After violent clashes on the pitch following the 1985 Milk Cup semi-final second leg at Stamford Bridge, Ken Bates, the Chelsea chairman, entered the fray.

Bates was never afraid to speak his mind and ruffle a few feathers, but when he announced his proposal to improve crowd control in April 1985, many were left stunned. Bates’ suggestion was shocking in more ways than one. An 11-foot high perimeter fence was not enough for Bates; he wanted, as he put it, the “ultimate deterrent” for wannabe pitch invaders. Barbed-wire at the top of the fence would be added, but Bates was planning to go one step beyond. Chelsea’s chairman wanted to add an electric section to the top of the fence, together with a live current passing through it, whilst Kerry Dixon led the line out on the pitch.

The Football Association were powerless to reject the idea and it was only the intervention of the Greater London Council that thwarted Bates’ madcap plan, with the electrification of the fence strictly prohibited by the safety certificate the Council issued for Stamford Bridge.

The whole electric fence affair gives a very real indication of the state of English football in the 1980s.
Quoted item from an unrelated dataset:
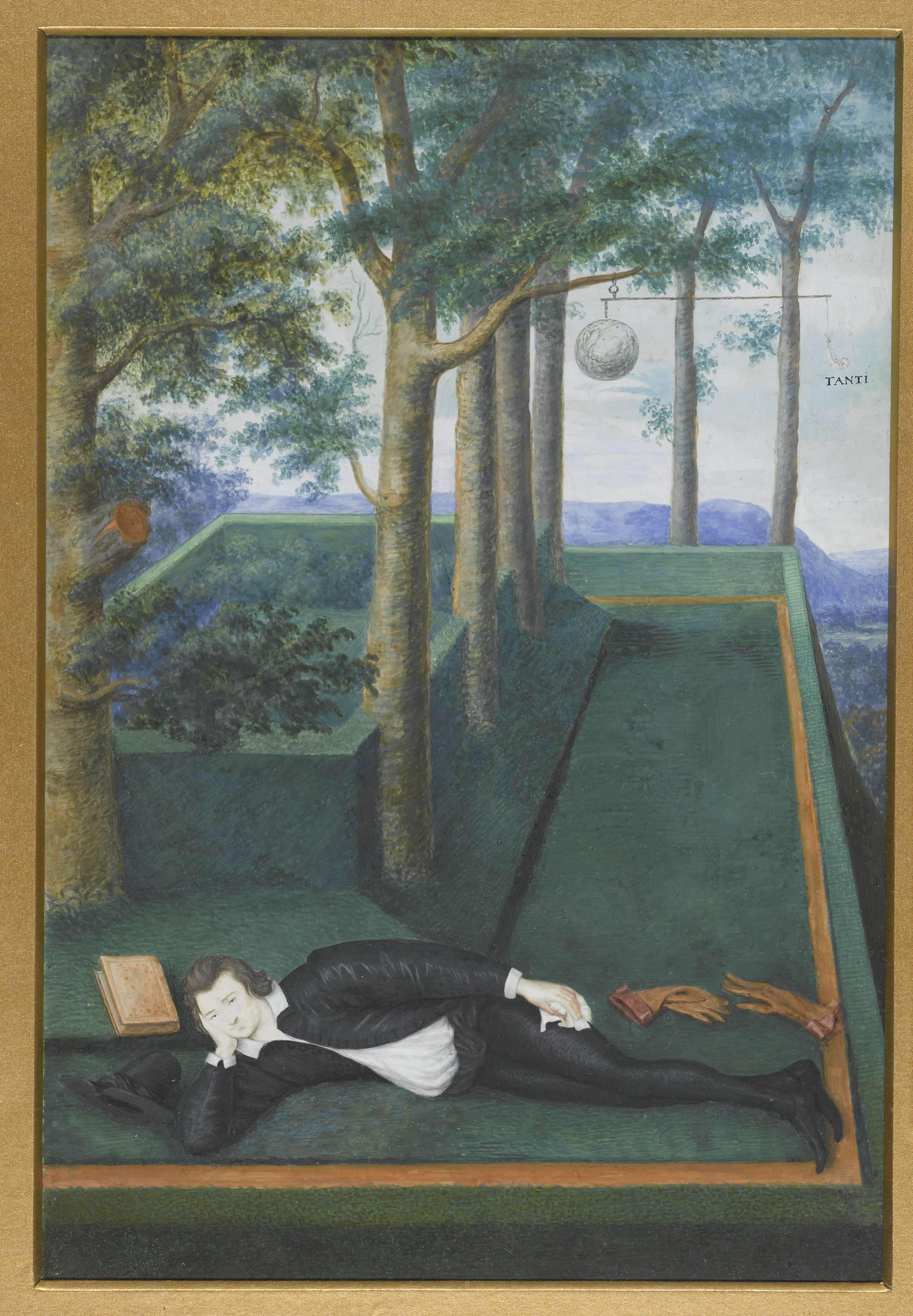 Portret van een liggende edelman in een begroeide hof; Portret van Henry Percy, 9th Earl of Northumberland
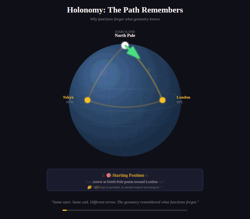 The path rotated it. The geometry of the sphere induced a transformation that pure function from start to end cannot see.

On the one hand, you had football clubs, police, and football authorities searching for an answer to the conundrum that was hooliganism. On the other hand, you had a club chairman proposing to erect electric fences, without a second thought.

It is staggering to recall that Bates came up with the idea in the first place and that he felt it would be acceptable, but the fact that many agreed with his hard line, reinforces the disregard held for anyone entering a football stadium during a turbulent decade for the sport. Football supporters were often treated like animals back then. If Bates had got his way, I shudder to think what might have followed.

Instead, the Taylor Report heralded a step change for long suffering football fans. All-seat stadiums, bans on alcohol and the fact that some of the more unruly elements have largely been priced out, have helped minimize the chance of football grounds again becoming death traps and given way to the type of debate we now enjoy without giving it a second thought. Stay and expand or move elsewhere? Either way, we won’t be fenced in.